Wednesday, September 4, 2013

59: believing what you believe

I know God has put me at this school as a 3-grades combo teacher. Some days I want to really complain. Some days I really want to say "I CAN'T do this." But, I swallow the emotions in spite of myself because I know that this is where God has me. And ya can't really argue with that.

I know the fact that this whole online dating thing hasn't produced any "results" is okay, and God's got charge. Recently I was even thinking of writing a post about one area (among others) where I just realized I have major relationship issues and that maybe it's a good thing God hasn't given me a relationship in the last year or so!
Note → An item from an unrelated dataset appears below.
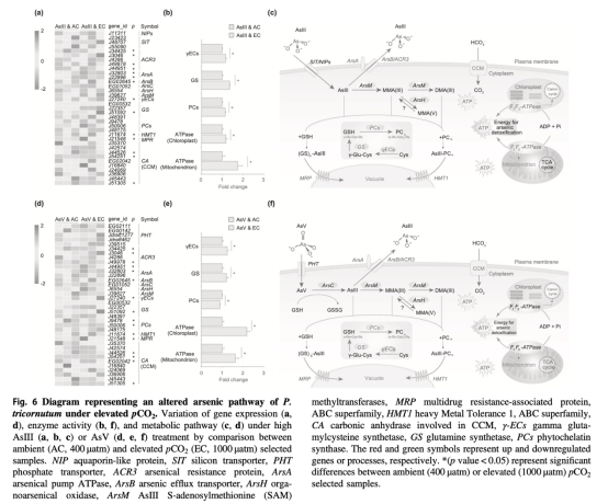 ? 數據:高pCO?下砷外排基因(ACR3、ArsB)和GSH合成酶(γ-ECs)上調,砷螯合能力增強。

But then an uber-quiet fellow I know told me he found success on a dating site after only 3 months and is going strong with a girl.

"You?" he asked me.

Nope.

I tried not to internalize the passing thought of "So what's the matter with you?" After all, this shy, unsociable fellow has a girlfriend, so...what's the matter with me?

I found myself coming home, getting online, and looking to see if there were any guys I hadn't been particularly attracted to that I could now send a reply to, casting my bread upon the waters, just so I could have a better chance of success.

(No luck.)

Anyways, I have to reel myself back in, speak the truth to myself that, no, this is where God has me. No rush. No pressure. No asking why not me.

In other words, sometimes ya gotta push the emotions aside and just believe what you believe.